Table 3 Pearson correlation coefficients of soil nutrients

Geo-statistical variability

The raw data of AK content and pH values followed a normal distribution, whereas the log-transformed data of SOC, TN, AN, AK, and AP content exhibited normal distribution. Therefore, experimental semivariograms were calculated upon the raw data of AK content and pH, and upon the log-transformed data of SOC, TN, AN, and AP contents.

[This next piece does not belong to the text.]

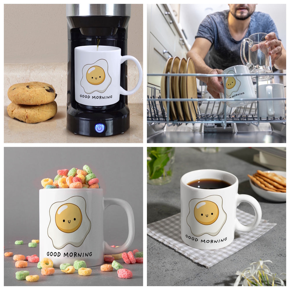 • 1x Jelly & Friends Spiegelei Kaffeebecher mit Spruch Good Morning in der gewählten Ausführung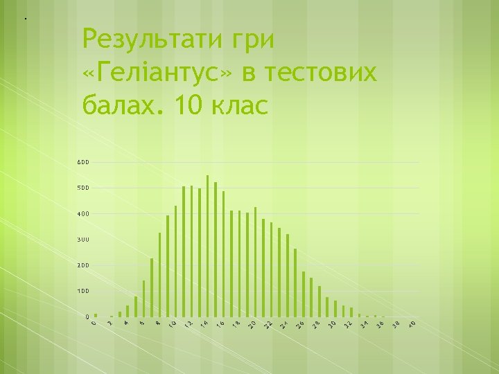 Результати гри «Геліантус» в тестових балах. 10 клас

The parameters of theoretical semivariogram models are summarized in Table 4. For the data of SOC and AK contents and pH value, an exponential model provided a significant fit to the semivariograms. The spherical model provided a best fit to the semivariograms of TN and AP contents, and the liner model was the optimal theoretical model for the semivariogram of AN content. The regression coefficients of determination (R2) for theoretical semivariogram models were all greater than 0.9. The residual sums of squares (RSS) for the semivariograms of SOC, TN contents, and pH were close to zero, and the RSS for the semivariograms of AN and AP contents were 6.48 and 21.29, respectively. However, the RSS for the semivariogram of AK was especially large. Nugget values (C 0) were less than 1 for the semivariograms of SOC, TN contents, and pH, but were 23.44 and 47.00 for the semivariograms of AN and AP contents, respectively. The C 0 for the semivariogram of AK was also large. The ratios of nugget-to-sill for SOC, TN contents, and pH were all higher than 90 %, but for AN, AP, and AK it ranged from 53 to 62 %. The ranges for the semivariograms of soil nutrients varied from 12.92 to 132.33 m. The range for SOC, TN, AP contents, and pH value was roughly 2–3 times that of the sampling intervals (12–17 m to 18–21 m). However, the ranges of AN and AK were greater than 30 m which was the half of the long side of rectangle sampling field. The range of AK was greater than the maximal distance of sampling (72 m, the diagonal of the rectangle sampling field).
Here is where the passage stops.